TO DO: Please, from the entries below, transcribe exactly the lines that begin at the line with "Несмотря на то, что" and end at the line with "设计有2套建面约600+㎡的", without the pictures.

DATA FOR PROCESSING:
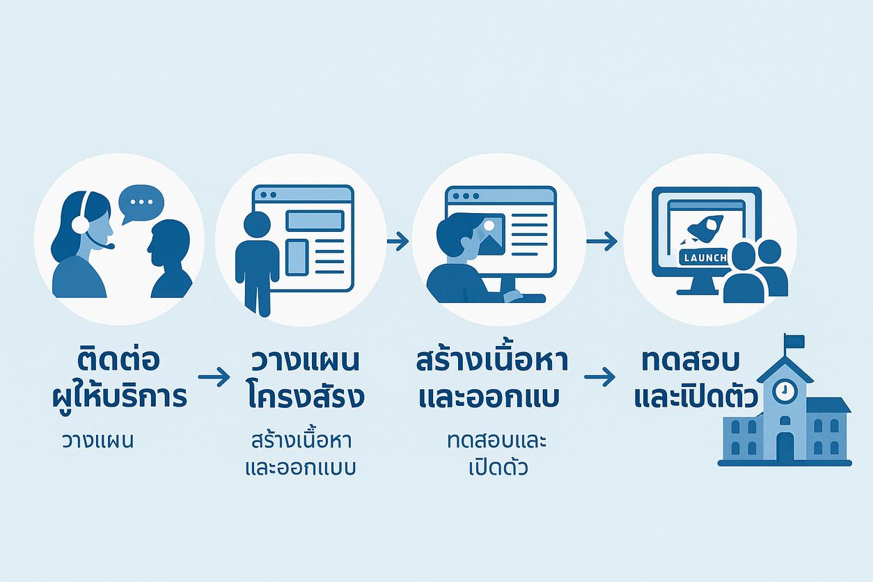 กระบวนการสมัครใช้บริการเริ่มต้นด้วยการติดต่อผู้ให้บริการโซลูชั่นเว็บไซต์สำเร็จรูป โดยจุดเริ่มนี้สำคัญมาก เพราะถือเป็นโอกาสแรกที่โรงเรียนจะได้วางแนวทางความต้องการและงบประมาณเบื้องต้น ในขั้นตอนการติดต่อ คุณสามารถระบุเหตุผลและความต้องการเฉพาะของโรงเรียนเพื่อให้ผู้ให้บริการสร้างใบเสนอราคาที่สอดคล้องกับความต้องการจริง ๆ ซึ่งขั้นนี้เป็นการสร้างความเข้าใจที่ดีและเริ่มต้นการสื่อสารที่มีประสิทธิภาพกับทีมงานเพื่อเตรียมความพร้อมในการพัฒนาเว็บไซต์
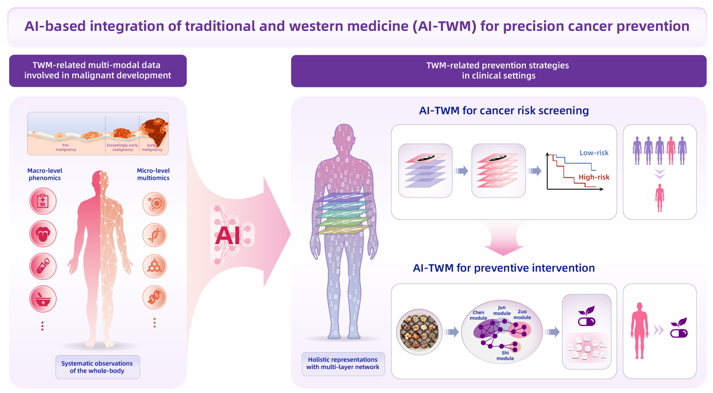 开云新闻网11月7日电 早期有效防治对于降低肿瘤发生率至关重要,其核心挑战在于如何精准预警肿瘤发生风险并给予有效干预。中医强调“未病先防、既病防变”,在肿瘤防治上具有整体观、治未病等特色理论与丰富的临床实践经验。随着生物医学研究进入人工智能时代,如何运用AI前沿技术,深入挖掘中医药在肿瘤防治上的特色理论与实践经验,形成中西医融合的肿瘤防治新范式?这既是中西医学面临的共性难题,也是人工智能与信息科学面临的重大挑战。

* * *

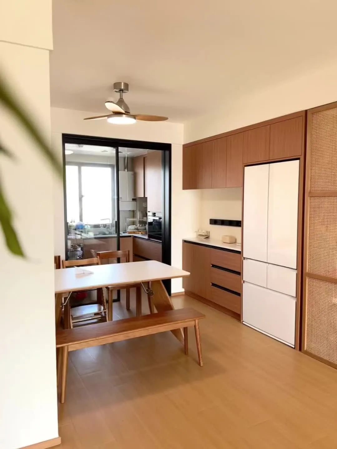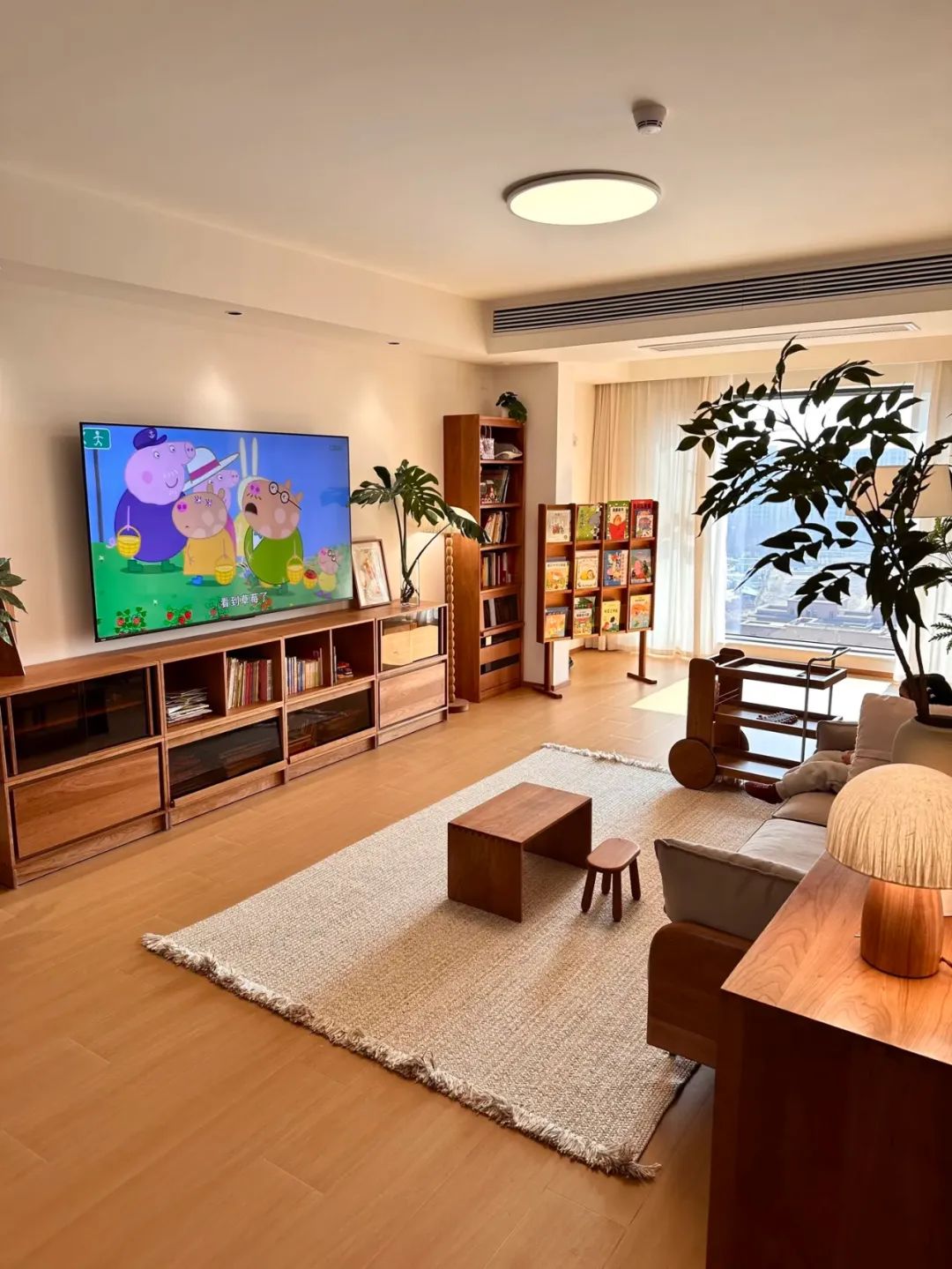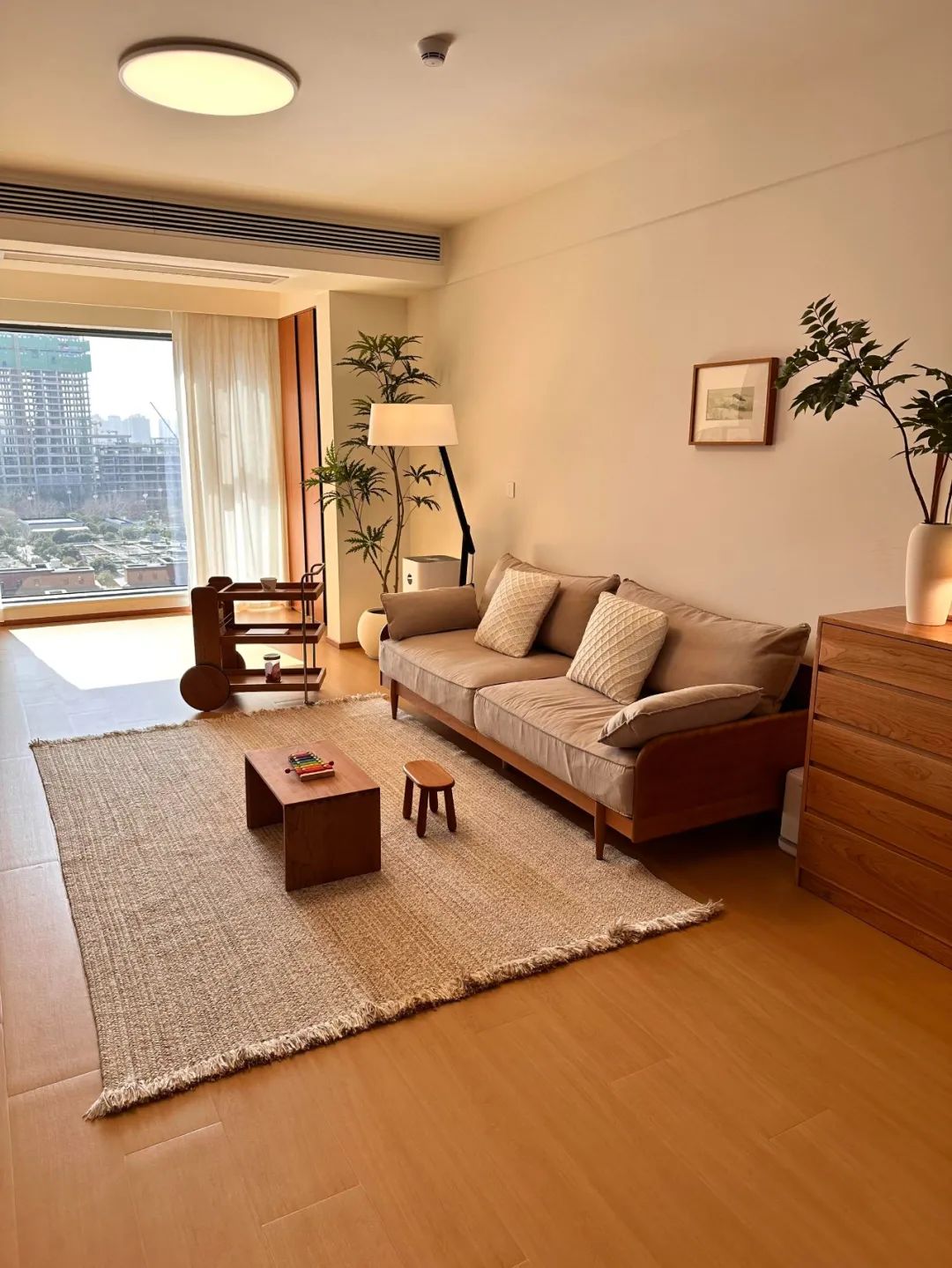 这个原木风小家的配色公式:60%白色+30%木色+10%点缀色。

* * *

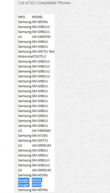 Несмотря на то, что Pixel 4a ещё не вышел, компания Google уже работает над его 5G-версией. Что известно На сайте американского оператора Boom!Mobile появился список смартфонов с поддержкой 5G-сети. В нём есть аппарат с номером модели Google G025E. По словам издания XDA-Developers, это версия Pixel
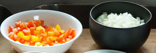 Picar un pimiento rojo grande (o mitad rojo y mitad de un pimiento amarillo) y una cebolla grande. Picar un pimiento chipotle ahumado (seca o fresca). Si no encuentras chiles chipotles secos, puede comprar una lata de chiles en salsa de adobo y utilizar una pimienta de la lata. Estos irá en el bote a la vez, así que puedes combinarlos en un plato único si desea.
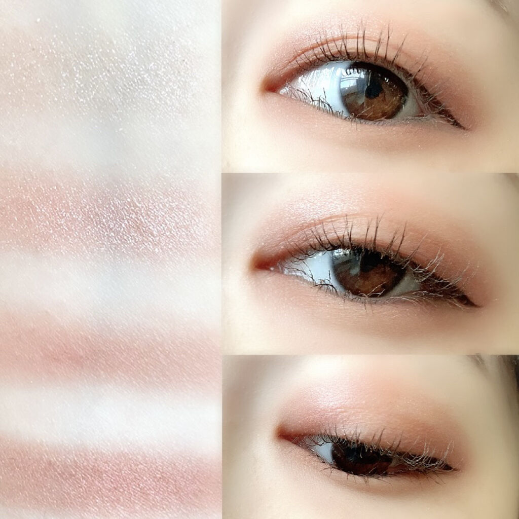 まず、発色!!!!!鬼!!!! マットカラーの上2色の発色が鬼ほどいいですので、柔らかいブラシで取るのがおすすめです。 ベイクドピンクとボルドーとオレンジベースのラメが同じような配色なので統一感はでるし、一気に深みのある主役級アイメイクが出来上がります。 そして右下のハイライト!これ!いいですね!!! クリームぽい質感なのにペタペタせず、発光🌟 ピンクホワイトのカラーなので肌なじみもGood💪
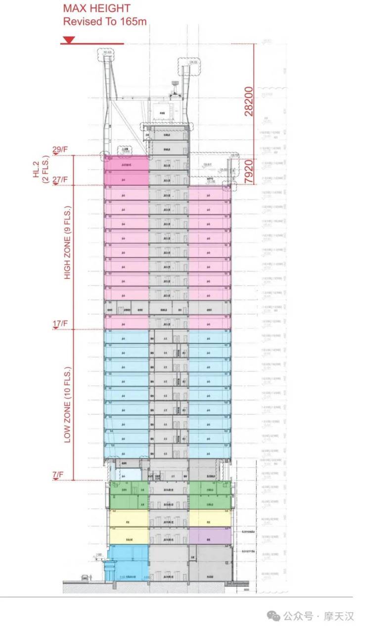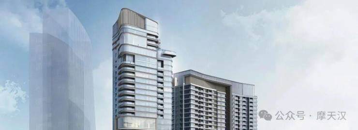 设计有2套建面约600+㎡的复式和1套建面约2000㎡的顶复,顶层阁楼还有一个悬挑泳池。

TASK OUTPUT:
 Несмотря на то, что Pixel 4a ещё не вышел, компания Google уже работает над его 5G-версией. Что известно На сайте американского оператора Boom!Mobile появился список смартфонов с поддержкой 5G-сети. В нём есть аппарат с номером модели Google G025E. По словам издания XDA-Developers, это версия Pixel
 Picar un pimiento rojo grande (o mitad rojo y mitad de un pimiento amarillo) y una cebolla grande. Picar un pimiento chipotle ahumado (seca o fresca). Si no encuentras chiles chipotles secos, puede comprar una lata de chiles en salsa de adobo y utilizar una pimienta de la lata. Estos irá en el bote a la vez, así que puedes combinarlos en un plato único si desea.
 まず、発色!!!!!鬼!!!! マットカラーの上2色の発色が鬼ほどいいですので、柔らかいブラシで取るのがおすすめです。 ベイクドピンクとボルドーとオレンジベースのラメが同じような配色なので統一感はでるし、一気に深みのある主役級アイメイクが出来上がります。 そして右下のハイライト!これ!いいですね!!! クリームぽい質感なのにペタペタせず、発光🌟 ピンクホワイトのカラーなので肌なじみもGood💪
 设计有2套建面约600+㎡的复式和1套建面约2000㎡的顶复,顶层阁楼还有一个悬挑泳池。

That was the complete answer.